▶ _PROBLEM_: Copy, word for word, the lines of the entries below between the one with "El Servicio Meteorológico" and the one with "Ci-dessous la correction", inclusive, and leave out everything else.

▶ _DATA EXCERPTS_:
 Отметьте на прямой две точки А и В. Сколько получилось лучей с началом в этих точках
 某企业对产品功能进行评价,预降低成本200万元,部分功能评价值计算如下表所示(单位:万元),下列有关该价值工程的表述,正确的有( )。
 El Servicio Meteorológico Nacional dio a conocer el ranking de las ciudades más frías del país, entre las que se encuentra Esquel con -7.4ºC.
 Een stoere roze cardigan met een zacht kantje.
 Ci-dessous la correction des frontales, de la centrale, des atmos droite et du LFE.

--

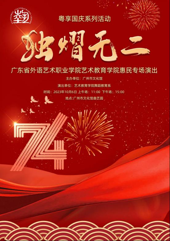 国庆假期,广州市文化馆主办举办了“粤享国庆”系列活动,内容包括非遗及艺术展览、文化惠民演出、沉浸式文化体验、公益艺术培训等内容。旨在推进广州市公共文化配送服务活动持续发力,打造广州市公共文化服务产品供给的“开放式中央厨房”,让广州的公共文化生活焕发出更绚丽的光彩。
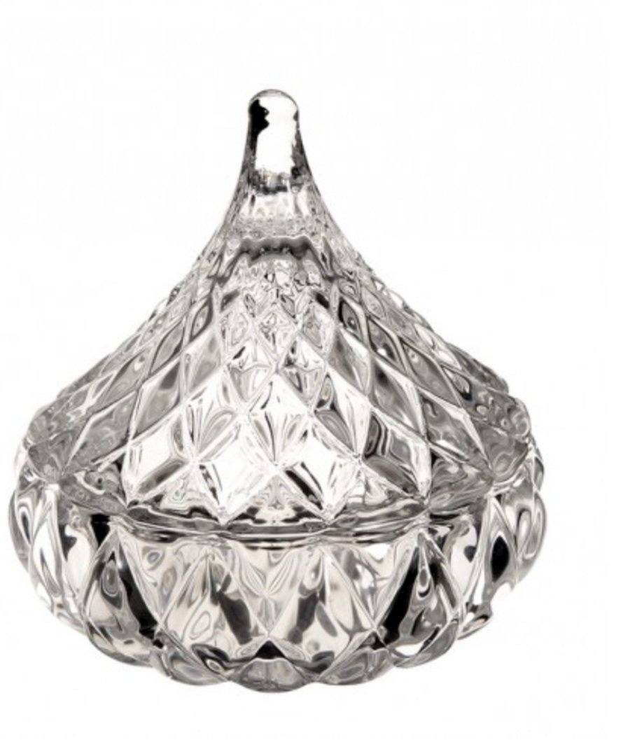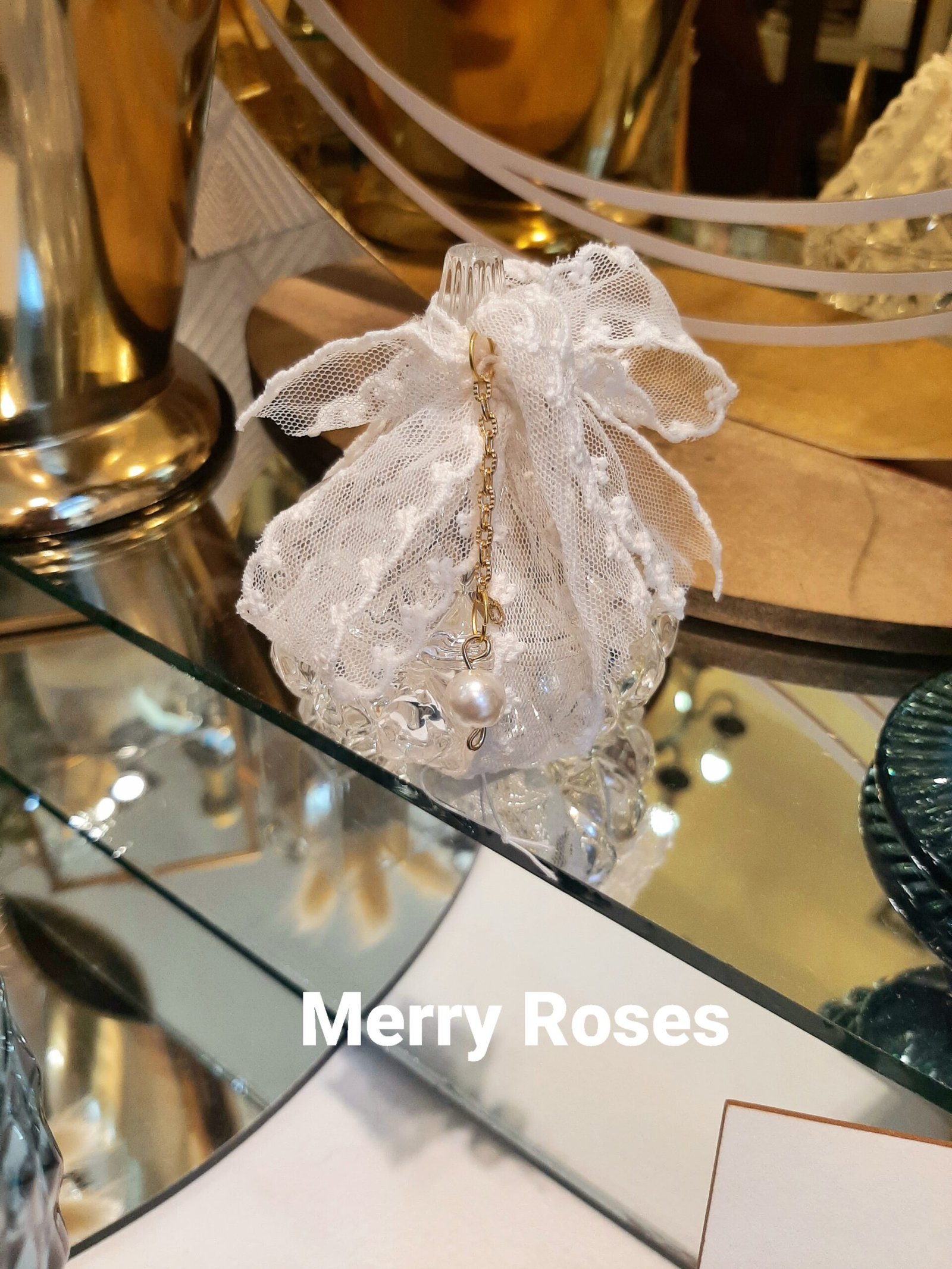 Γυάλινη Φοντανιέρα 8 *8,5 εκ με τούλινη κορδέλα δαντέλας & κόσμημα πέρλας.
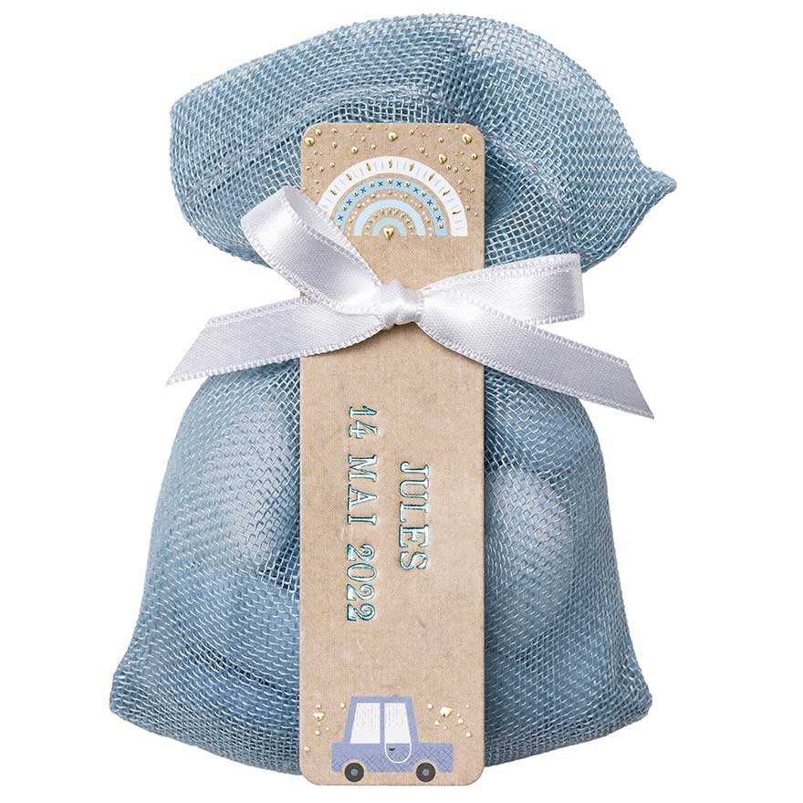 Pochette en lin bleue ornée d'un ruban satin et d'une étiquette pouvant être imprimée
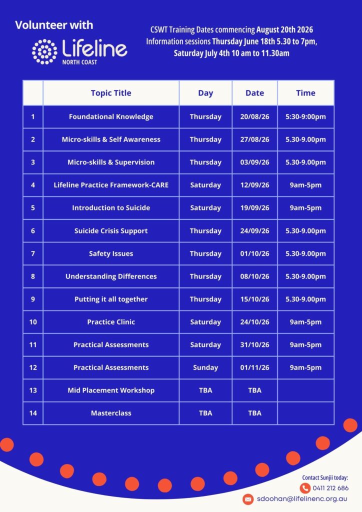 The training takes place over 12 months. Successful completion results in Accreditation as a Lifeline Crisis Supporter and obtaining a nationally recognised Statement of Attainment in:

▶ _WRITTEN ANSWER_:
 El Servicio Meteorológico Nacional dio a conocer el ranking de las ciudades más frías del país, entre las que se encuentra Esquel con -7.4ºC.
 Een stoere roze cardigan met een zacht kantje.
 Ci-dessous la correction des frontales, de la centrale, des atmos droite et du LFE.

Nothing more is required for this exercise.